Because the TLB and PTW state is labeled with  $\ell_{cur}$ , PTEs must be stored in a memory page with a label that flows to  $\ell_{cur}$ , and managed by software whose integrity is high enough. This restriction must be satisfied by the software that manages the page tables. One simple option is to label the memory pages for page tables with the least restrictive information-flow label,  $(C(\bot), I(\top))$ . The page table could also be compartmentalized, storing different fragments of the table with different labels to provide finer-grained protection.

#### 7 EVALUATION

We evaluated our HyperFlow prototype in various ways. Because downgrading and dynamic information-flow checks need special scrutiny to avoid security or functionality errors, we studied where and how often these features needed to be used. We also evaluated the power, performance, and area overhead incurred by the added information flow security mechanisms. And we evaluated the usability of the architecture by writing information-flow-rich code in the ISA.

## 7.1 Uses of downgrades

The RTL code for HyperFlow performs downgrades at various points. The design of ChiselFlow is intended to ensure that these downgrades are nonmalleable [6], as described in Section 5.3 and more fully in the supplementary material. As a result, the potential for these downgrades to cause harm is limited. Our formal results in the technical report imply that insecure information flows can only arise because of these downgrades [49]. A stronger result would prove that well-typed hardware implementations enforce a timing-sensitive variant of NMIFC. While we do not prove such a result, we expect that it should hold, because SIRRTL's rules for downgrades closely follow those used in a language proved to enforce NMIFC [6].

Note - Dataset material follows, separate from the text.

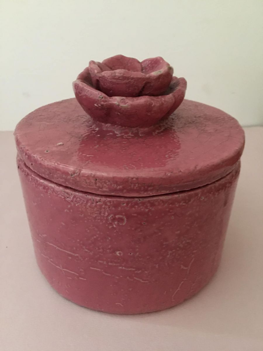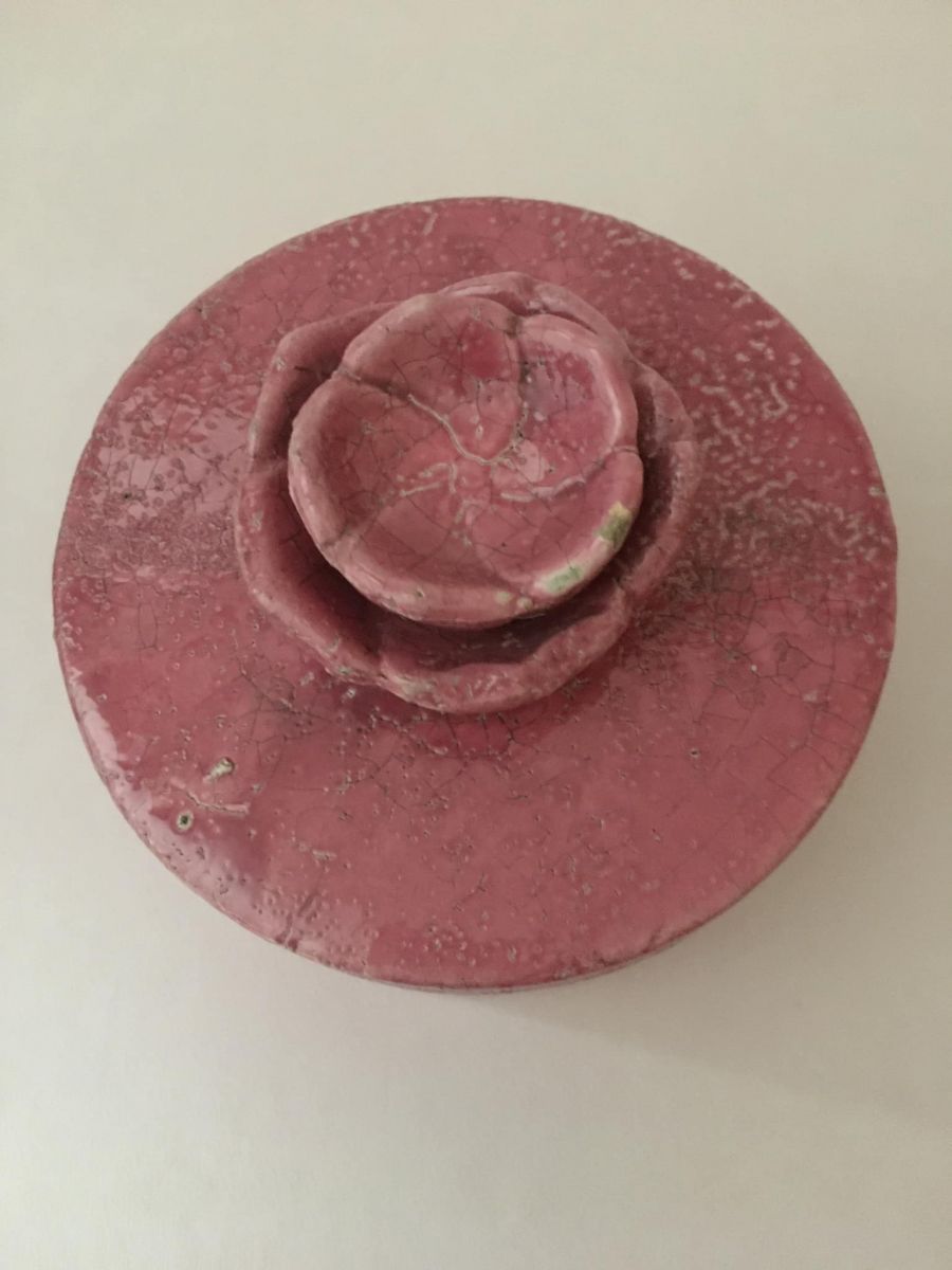 Belle boîte en céramique raku de couleur vieux rose à l’extérieur et grise à l’intérieur. Poignée en forme de rose.

The downgrades are statically checked to be nonmalleable by the type system. Table 3 summarizes the uses of RTL-level downgrades. The first column shows the ISA-visible event to which the downgrade is tied, the second column states the number of downgraded expressions in the RTL code, and the third gives a brief description of what is downgraded. For all downgrades other than downgrades of data caused by explicit downgrade instructions, both an endorsement and a declassification happen.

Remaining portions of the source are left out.